Cells were treated with siRNA and the following day, WST-8 (EZ-Cytox, Daeil Lab Service) was added to the cell culture medium for 2 hours at 37 ° C and then absorbance (450 nm) was measured using an ELISA reader . The growth rate of the cells was measured in consideration of the change in the color of the culture medium of the cells and the number of existing cells.

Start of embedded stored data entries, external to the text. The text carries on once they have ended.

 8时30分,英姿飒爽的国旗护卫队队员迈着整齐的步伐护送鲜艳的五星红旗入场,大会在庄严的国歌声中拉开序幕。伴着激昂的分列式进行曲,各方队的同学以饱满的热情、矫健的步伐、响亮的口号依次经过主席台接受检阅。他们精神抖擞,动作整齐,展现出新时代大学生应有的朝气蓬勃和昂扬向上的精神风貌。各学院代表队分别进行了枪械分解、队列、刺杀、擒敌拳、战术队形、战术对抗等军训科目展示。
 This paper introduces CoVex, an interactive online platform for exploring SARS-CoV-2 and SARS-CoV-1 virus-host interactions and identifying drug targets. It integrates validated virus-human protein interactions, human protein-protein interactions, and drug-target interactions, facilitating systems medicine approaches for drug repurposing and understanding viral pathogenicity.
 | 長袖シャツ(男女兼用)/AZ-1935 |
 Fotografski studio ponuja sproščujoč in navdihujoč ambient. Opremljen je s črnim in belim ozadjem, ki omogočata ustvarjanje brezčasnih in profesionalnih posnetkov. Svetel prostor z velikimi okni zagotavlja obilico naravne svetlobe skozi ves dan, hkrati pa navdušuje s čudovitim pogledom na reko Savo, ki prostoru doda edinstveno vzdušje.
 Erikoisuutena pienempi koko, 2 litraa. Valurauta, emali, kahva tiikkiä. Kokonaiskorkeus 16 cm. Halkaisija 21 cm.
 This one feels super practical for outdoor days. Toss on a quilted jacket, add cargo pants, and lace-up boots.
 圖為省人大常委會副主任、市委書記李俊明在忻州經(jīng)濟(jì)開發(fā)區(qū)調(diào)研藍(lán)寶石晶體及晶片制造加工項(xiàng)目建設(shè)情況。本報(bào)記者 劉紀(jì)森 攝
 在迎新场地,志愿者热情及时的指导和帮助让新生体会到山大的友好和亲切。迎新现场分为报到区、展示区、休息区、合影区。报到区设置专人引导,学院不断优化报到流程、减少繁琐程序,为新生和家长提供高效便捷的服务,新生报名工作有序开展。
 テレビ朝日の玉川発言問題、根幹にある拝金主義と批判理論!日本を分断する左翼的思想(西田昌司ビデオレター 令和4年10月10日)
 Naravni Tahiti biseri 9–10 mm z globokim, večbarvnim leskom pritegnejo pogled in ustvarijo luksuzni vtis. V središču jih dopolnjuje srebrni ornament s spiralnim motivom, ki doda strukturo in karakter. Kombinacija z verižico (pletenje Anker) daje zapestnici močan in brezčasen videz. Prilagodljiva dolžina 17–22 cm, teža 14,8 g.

Cell migration due to gene expression changes migration )/invasion( invasion ) Ability measurement

In order to examine the migration of cells, 2x10 ⁴ cells treated with siRNA in Transwell (Costar, USA) were each suspended in a medium containing 1% FBS and dispensed. A 20% FBS cell culture medium was laid on the bottom as an attractant to attract the cells. The cells were incubated in a 37 ° C cell incubator for 12 hours, and the cells were fixed and stained with crystal violet.

To examine the ability of the cells to pass through the matrix, metrizel (Invitrogen, USA) was coated on transwells diluted in serum-free medium at a concentration of 1: 5 and 2 x 10 ⁴ cells treated with siRNA were each treated with 1% FBS Lt; RTI ID = 0.0 > ml < / RTI > A 20% FBS cell culture medium was laid on the bottom as an attractant to attract the cells. The cells were incubated in a 37 ° C cell incubator for 12 hours, and the cells were fixed and stained with crystal violet.

Measurement of the wound healing ability of cells according to the change of gene expression

Using a tip, we scraped the bottom of the culture dish with the cells to examine the process of artificially wounding the cells treated with the siRNA and healing the wound.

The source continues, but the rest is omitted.